You must have access to adb and be rooted on your stock KF or be running cm7. You'll also need the fastboot binary, its attached to this post. Unzip the binary and place it into the Android SDK's Platform-tools folder. Also make sure that fastboot is executable. TWRP2 is here, place it in your Platform-tools folder as well. You should have everything you need to install TWRP now.

Connect your KF to you computer and open a terminal.

Navigate to your platform-tools folder



Code:


cd Path to platform-tools

Once here check to see your KF is recognized by ADB


Code:


sudo ADB devices

*Note you may have to use the command Sudo ./adb devices, it really depends on how you have your SDK setup.

If you see a series of numbers it verifies your KF is being seen by ADB. Next you'll type



Code:


sudo ADB shell or sudo ./adb shell

Then ask for root permission


Code:


<br />
SU<br />

Next you'll need to set your bootmode to fastboot



Code:


idme bootmode 4002

It will tell you that <idme> write 4002 to offset 0x1000. Now you'll need to exit the shell



Code:


<br />
Exit<br />
<br />
Exit<br />

Once you're back in your platform-tools folder restart adb



Code:


Sudo adb reboot or sudo ./adb reboot

ADB will restart then you can issue the fastboot command



Code:


sudo fastboot -i 0x1949 boot twrp-blaze-2.0.RC0.img or sudo ./fastboot -i 0x1949 boot twrp-blaze-2.0.RC0.img

If memory serves me correctly, the device will reboot to TWRP and saying its installed. It will reboot itself. Once rebooted you'll be shown a yellow triangle with a fire on it. Don't panic as its a modified bootloader that allows you to access your recovery. It boots here because your device is still set to boot into the bootloader. To fix this type



Code:


sudo fastboot oem idme bootmode 4000 or sudo ./fastboot oem idme bootmode 4000

Then simply give fastboot the command to reboot



Code:


sudo fastboot reboot or sudo ./fastboot reboot

Your device will reboot to the bootloader again, except this time it only stays like that for a short period in order for you to access your recovery if need be. To access TWRP simply hold your power button down for around 2 seconds. Your power button will change to an orange color, release the button and TWRP will show up.
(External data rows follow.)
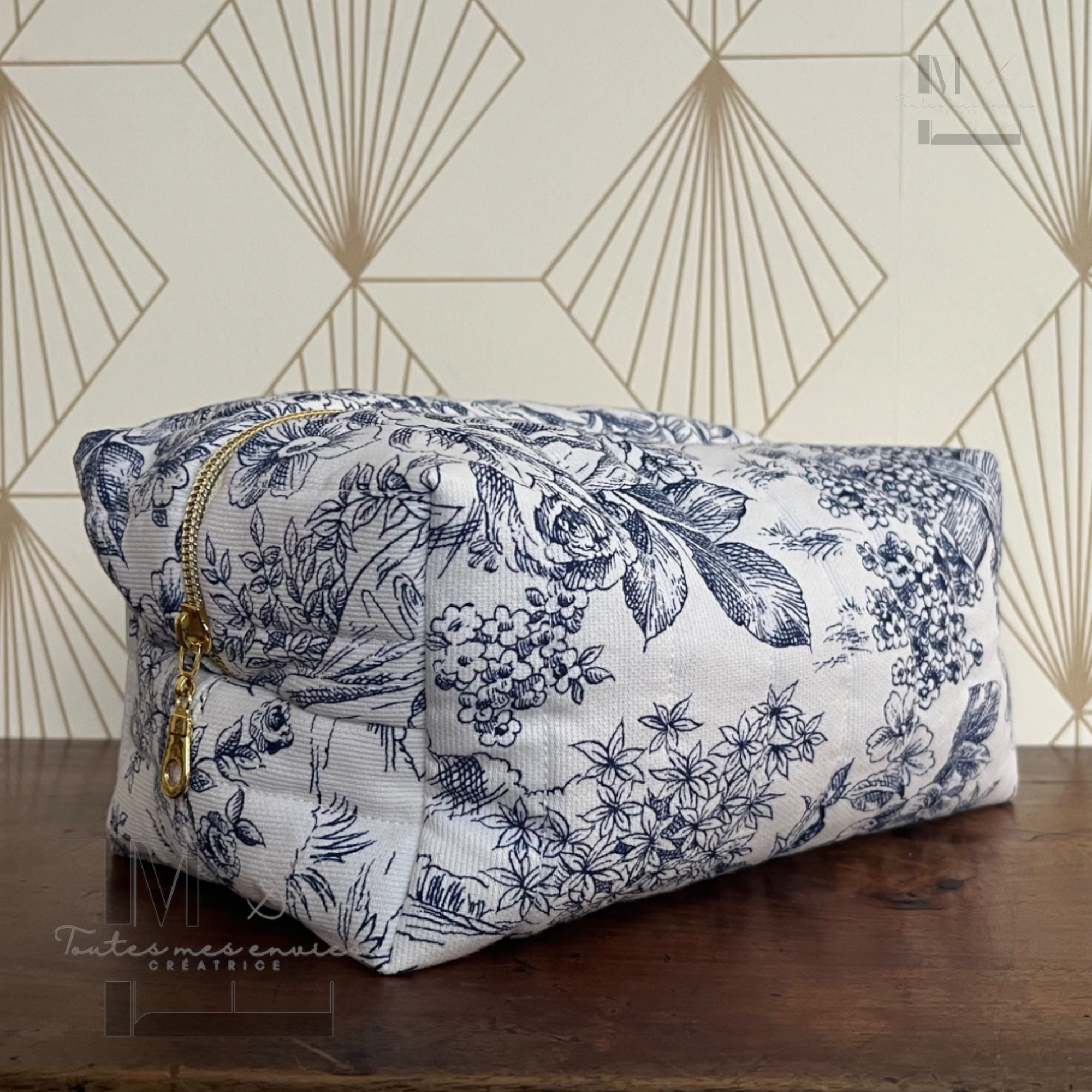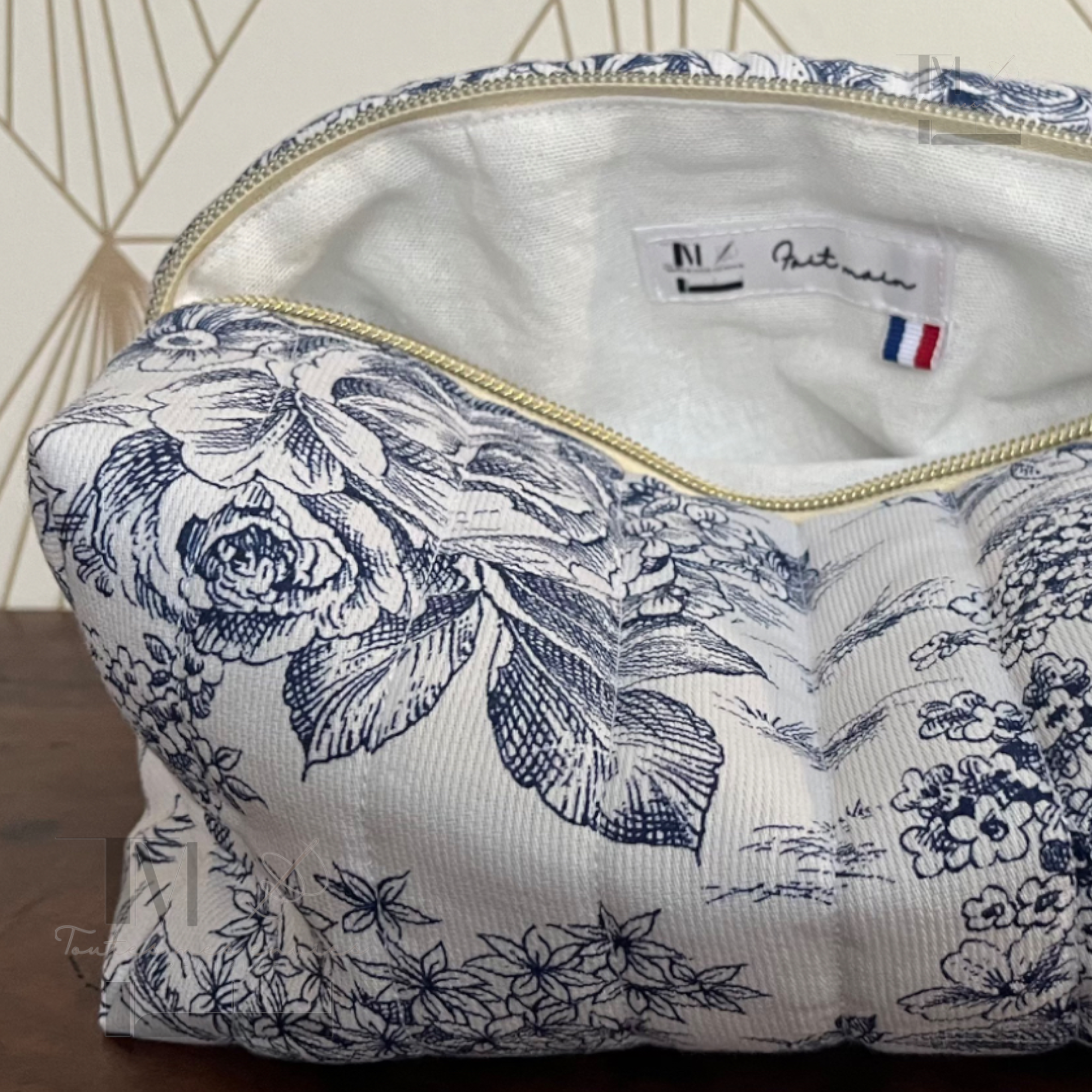 Apportez une touche de raffinement à votre quotidien avec cette trousse de toilette en toile de Jouy. Elle est entièrement confectionnée à la main dans mon atelier en Isère. Chaque pièce est réalisée avec soin dans une belle toile de coton imprimée. L’intérieur est doublé d’un lin mélangé naturel pour une finition chic et durable.
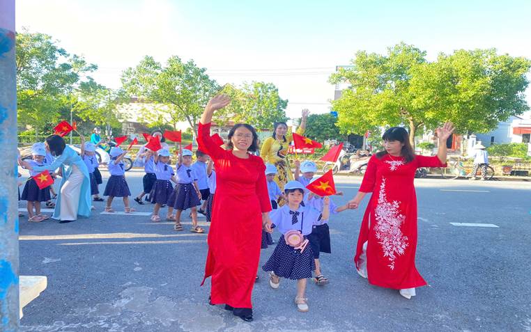 Ngay từ 6 giờ 30 phút sáng ngày 05 tháng 9 năm 2025, khuôn viên nhà trường đã ngập tràn sắc màu cờ hoa, rộn ràng trong tiếng trống, tiếng nhạc và những nụ cười rạng rỡ. Cổng trường rộng mở, hân hoan đón chào các vị đại biểu, quý phụ huynh cùng toàn thể học sinh.
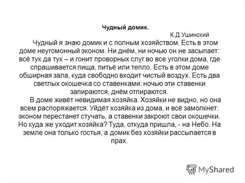 К.Д. Ушинский «Чудный домик»рассказ - загадка
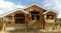Дом «Суморьево» можно отнести к изысканному варианту одноэтажного дома из оцилиндрованного бревна. Несмотря на то, что это здание одноэтажное, оно таит в себе несколько комфортных комнат, раздольную гостиную, кухню, санузел и конечно же массивное крыльцо.
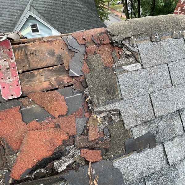 Master Roof completed a full roof replacement on a historic 1894 home in Springfield, Massachusetts. The existing roofing system had suffered storm damage, flashing failure, structural decking gaps, and code compliance issues. After inspection, it was clear the roof required immediate replacement — not just new shingles, but structural upgrades to meet current Massachusetts building code. This project involved emergency protection, full tear-off, decking reinforcement, flashing corrections, gutter adjustments, and complete system replacement.
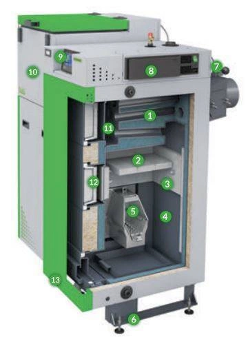 Wyposażenie: sterownik (ST-555P), palnik SAS MULTI FLAME (moduł sterujący praca palnika, grzałka do rozpalania, mechanizm ruszt ruchomych, fotokomórka – czujnik ognia, czujnik temp. podajnika), wentylator (system kontroli przepływu powietrza - AIR FLOW CONTROL), termometr, zawór bezpieczeństwa, kratka zabezpieczająca żar, zasobnik paliwa z czujnikiem otwarcia klapy, czujnik temperatury spalin, ogranicznik temperatury bezpieczeństwa STB, komplet stopek regulacyjnych, komplet narzędzi do obsługi kotła
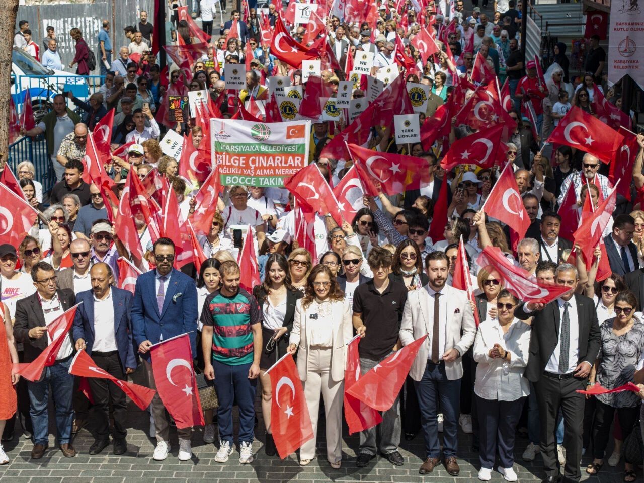 Resmi törenin ardından, Karşıyaka Belediyesi öncülüğünde “19 Mayıs Korteji” düzenlendi. Belediye binası önünde toplanan kalabalık, Karşıyaka Belediye Bandosu’nun çaldığı marşlarla yürüyüşe geçti. Coşku dolu kortej, esnafın ve balkonlardaki vatandaşların alkışlarıyla karşılandı. Yürüyüş, Hergele Meydanı’nda İzmir Marşı’nın hep bir ağızdan söylenmesiyle sona erdi.

If you do nothing at the bootloader your rom of choice will continue to boot.


----------



## Ch4m3l30n

Is this still valid on 2.6.1?

I'm having trouble...



Code:


<br />
[email protected]:/home/paul/Downloads/Android/Amazon Kindle Fire# tail -n 2 ~/.bashrc<br />
#Android SDK Tools<br />
export PATH=${PATH}:$HOME/android/platform-tools/<br />




Code:


<br />
[email protected]:/home/paul/Downloads/Android/Amazon Kindle Fire# echo ff2486523e51639542a0b96a6b4af028 ; md5sum twrp-blaze-2.0.0RC0.img<br />
ff2486523e51639542a0b96a6b4af028<br />
ff2486523e51639542a0b96a6b4af028  twrp-blaze-2.0.0RC0.img<br />
[email protected]:/home/paul/Downloads/Android/Amazon Kindle Fire# fastboot -i 0x1949 boot ./twrp-blaze-2.0.0RC0.img<br />
< waiting for device ><br />
downloading 'boot.img'...<br />
FAILED (status read failed (Value too large for defined data type))<br />
finished. total time: 25.022s<br />


----------



## Rogan

Do you have root with 2.6.1?


----------



## adbirdie

Hi, I followed your instructions, yet my fastboot was not executable. I'm now stuck in fastboot. Any idea how to fix it? Do i need to replace the fastboot or how do i get it to boot normally. Thanks.


----------



## Rogan

To make it executable, right click fastboot, then properties. Click permissions, and click the make executable option.
Sent from my Kindle Fire using Tapatalk


----------



## kittyprincess66

getting an error trying to load twrp, says

cannot load 'twrp-blaze-2.0.RC0.img'


----------



## kittyprincess66

ok that problem resolved, now laggs at waiting for device







Will keep trying, I wonder if it is still using the device id 0x1949. have also tried 18d1. Still no go. I had to add the other as it got stuck in the amazon bootloader without animation, now it boots regularly and still rooted. it is recognized as a device again in adb-linux. I have mod'd these commands only to include that variable it is sudo ./adb-linux <command> for me for some reason. thank you in advance


----------



## Rogan

If it's waiting for the device just reboot the kindle fire, then once it shows the bootloader again just run your fastboot command. It should see the device if you restart it.


----------



## AproSamurai

To everyone who was having issues with the <waiting for device> prompt.

Run

Sudo -s

fastboot oem idme bootmode 4000

fastboot reboot.

And then you'll be all good.


----------



## dogwith2bones

I screwed up and can only connect to my KF in recovery (when I ADB devices i get a series of numbers followed by "recovery"). I have a factory cable as well but I get the same results. When I try to execute idme or fastboot (basically any adb command in shell) I get /sbin/sh [command]:not found. Any ideas?


----------



## Rogan

So when you type adb devices you don't get something like:

List of devices attached 
5092000600000001 device


----------



## Ch4m3l30n

Rogan said:


> Do you have root with 2.6.1?


Yes... Using the method published on this very site.


----------



## Rogan

Hmm you have the right recovery file, its the one i used and the md5 is right. IDK man, i'll keep looking for a solution.


----------



## rulet

Hello Rogan. If TWRP is already installed, how to update it to a new version of TWRP using linux?


----------